Run full-length exam-prep series with live percentile and predicted rank for every attempt.

Tutors · Institutions7 min read
Who this is for
Tutors and coaching centres running exam preparation programs for JEE, NEET, CAT, UPSC, CUET, GATE, CLAT, or other competitive exams where rank matters.

Overview

A mock test series is a named bundle of individual tests, tagged with an examType. Each test is a regular Tuition.in test (you create them in the test editor) added to the series via MockTestSeriesItem rows that set the order.

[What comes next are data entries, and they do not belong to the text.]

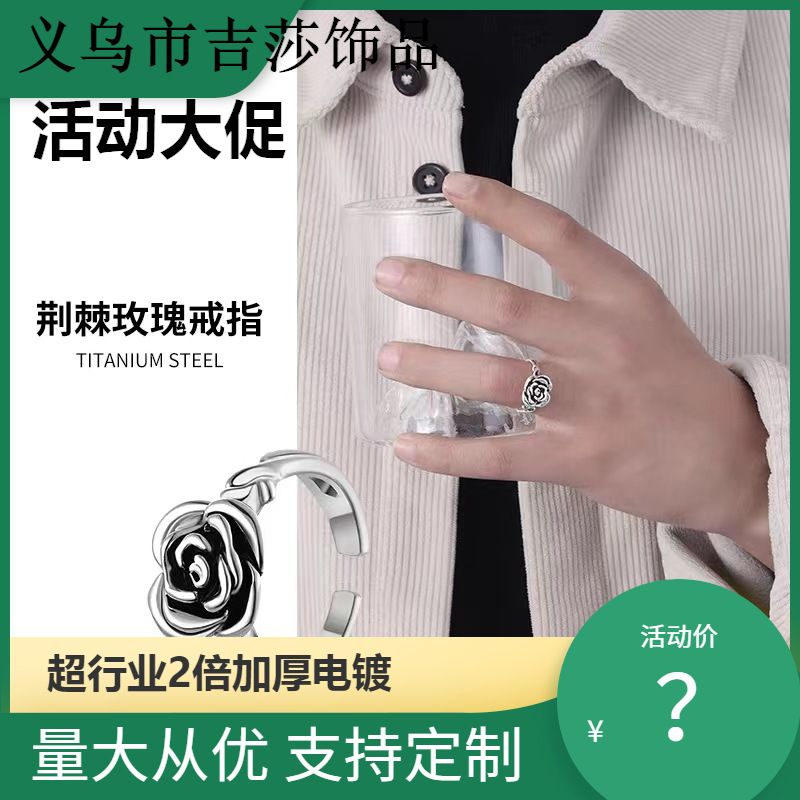 ゴシック黒薔薇カップル指輪手作り個性シンプル小衆ゴシック黒薔薇カップル指輪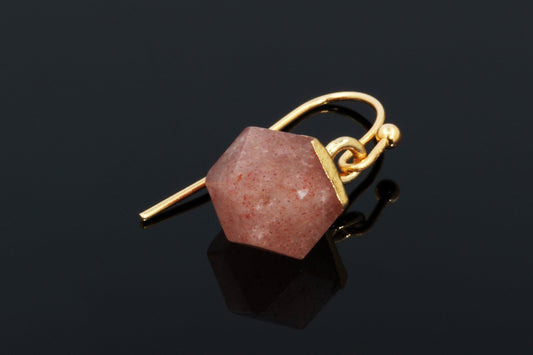 Braškinis kvarcas auskarai - Daugiakampis kubelis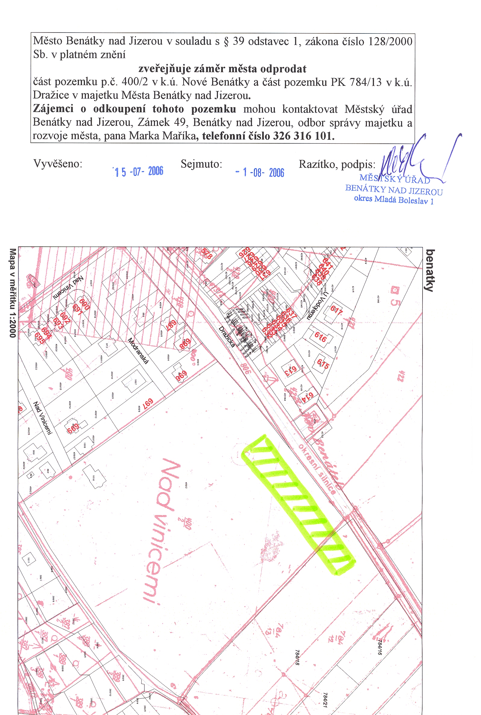 Město Benátky nad Jizerou, Zámek 49, Benátky n. J. Záměr města odprodat pozemek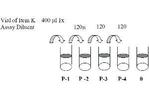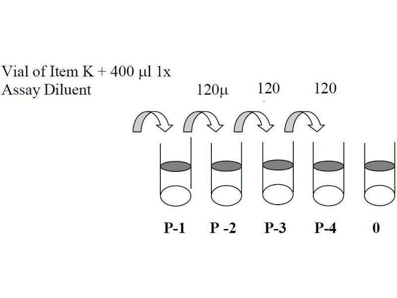 3. Preparation of Positive Control: Briefly spin the Positive Control vial of Item K. Add 400 µL 1x Assay Diluent (Item E, Assay Diluent should be diluted 5-fold with deionized or distilled water before use) into Item K vial to prepare a Positive Control (P-1) Solution. Dissolve the powder thoroughly by a gentle mix (it can be removed by centrifuge if any precipitate in the solution is found. See i. Positive Control of part IX.for a typical result in page 9). Pipette 240 µL 1x Assay Diluent into each tube. Use the Positive Control (P-1) to produce a dilution series (shown below). Mix each tube thoroughly before the next transfer. 1x Assay Diluent serves as the background.

Series can be isPublic: true (listed in the marketplace) or false (invite-only via direct link). Pricing is one-time per series.

Creating the series shell

  1. Go to Tutor dashboard → Mock series → New series.
  2. Fill in title (e.g. "JEE Main 2026 — Full-Length Set of 12") and examType (required — see below).
  3. Add a description and cover image.
  4. Set isPublic and priceInr (0 for free).
  5. Click Create.

Supported exam types

These are the exam types currently recognised — they flow through to the rank predictor and per-exam max-score table:

  • JEE_MAIN
  • JEE_ADV
  • NEET
  • CAT
  • UPSC
  • CUET
  • GATE
  • CLAT

Need an exam type that isn't here? Open a ticket — adding one is a config change.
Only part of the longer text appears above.